Subject: Re: RelCache (aka ELF prebinding) news
To: Thor Lancelot Simon <tls@rek.tjls.com>
From: Bang Jun-Young <junyoung@netbsd.org>
List: tech-kern
Date: 12/03/2002 16:52:18
On Tue, Dec 03, 2002 at 02:27:02AM -0500, Thor Lancelot Simon wrote:
> On Tue, Dec 03, 2002 at 11:29:19AM +0900, Bang Jun-Young wrote:
> > On Mon, Dec 02, 2002 at 06:50:58AM -0500, Ty Sarna wrote:
> > > 
> > > For example, I just compiled bin/cat from the 1.6 sources. I download
> > > bin/cat from ftp.netbsd.org and it is identical to mine. There are a
> > > zillion small ways in which this is useful. Don't screw it up.
> > 
> > (You do have a point ;-)
> > 
> > I agree. Timestamp in ELF binary doesn't seem to be a good idea, either.
> > 
> > Now I'm wondering: is there any 64 bit long checksum available?
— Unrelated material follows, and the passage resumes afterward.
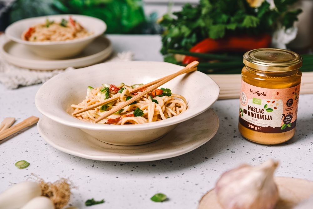 Das Rezept ist nicht nur im Handumdrehen fertig, sondern eignet sich auch perfekt als schnelles Abendessen oder veganer Partyhit. Die Frische von Gurke und Paprika bildet einen schönen Kontrast zur cremigen Sauce, und Frühlingszwiebeln und Erdnüsse obendrauf machen das Gericht zu einem ganz besonderen Erlebnis.

Or is
> > it safe to two different 32 bit checksum methods for a single file?
> 
> I'm curious how you decided that the likelihood of a random collision was
> too great with a 32-bit sum.

for (;;) {
	"I'm going to use CRC32."

	"No, it's too weak. Use MD5."

	"Okay, I will use MD5."

	"It's too slow. Use random numbers."

	"Random number is not good. CRC32 is just enough."
}

> I started to make some rather simplistic
> mathematical arguments here but after investigating the literature on
> CRC error rates for about an hour, all I'm really sure of is that my
> calculations were wrong.
> 
> However, there are significantly better 32-bit CRC polynomials than the
> usual one; the one used by iSCSI is particularly good, against the kind
> of errors seen in data communications links at least.  Whether it is
> better for this purpose, I couldn't really say, because I cannot answer
> even the weak question "given two random bitstrings of length N, what is
> the probability that they will have the same 32-bit CRC result with
> polynomial M", much less "given two ELF object files of length N, what is
> the probability that they will have the same 32-bit CRC result with
> polynomial M", which is what we care about (since the relcache can
> obviously use the file size to eliminate all other collisions).
> 
> Note that the modification time of the file can also be used to further
> reduce the number of random collisions, quite possibly close enough to
> zero that nobody will ever see one -- but I can't _prove_ this, or even
> reason about it with any real basis except for a Very Strong Hunch.  
> Anyone feeling mathematical?
> 
> I really think that a 32-bit sum suffices unless you really believe that
> the inputs are likely to be such that CRC-32 will produce poor results.  But
> if you really want more bits, you could use both CRC-32 and another 32-bit
> (or shorter) sum such as an Adler-32 or Fletcher-32 sum, or just use a
> longer sum that is faster to compute than CRC, such as a 40, 48, or 64-bit
> Fletcher sum.
> 
> Note that the Fletcher-32 sum should be significantly faster to compute
> than the Adler-32 sum, and should serve just fine for this purpose, so if
> you decide to use CRC32 and something else, it would be a good choice.
> 
> For some good references on checksums and CRCs, see:
> 
> http://www.haifa.il.ibm.com/satran/ips/draft-sheinwald-iscsi-crc-01.txt
> http://www.diskdrive.com/reading-room/white-papers/Definitive_CRC32C_Paper.pdf
> 
> http://www.ece.cmu.edu/~ips/archive/draft-cavanna-iscsi-crc-vs-cksum-01.txt
> 
> Note that the last of those three references contains some mistakes in its
> reasoning about the probability of various kinds of checksum failures, but
> is still a good general overview of the different kinds of sums available,
> and is less mathematically daunting than the first two.
> 
> Also note that the commonly-used "CRC-64", originally from Matt Dillon's
> "diabolo" code, I believe, uses a rather poorly chosen polynomial (to begin
> with, it's really only 56 bits -- one end is all zeroes!) and is not a great
> choice.

Thanks for your comments.

Conclusion: I will be back to using CRC32.

Jun-Young

-- 
Bang Jun-Young <junyoung@netbsd.org>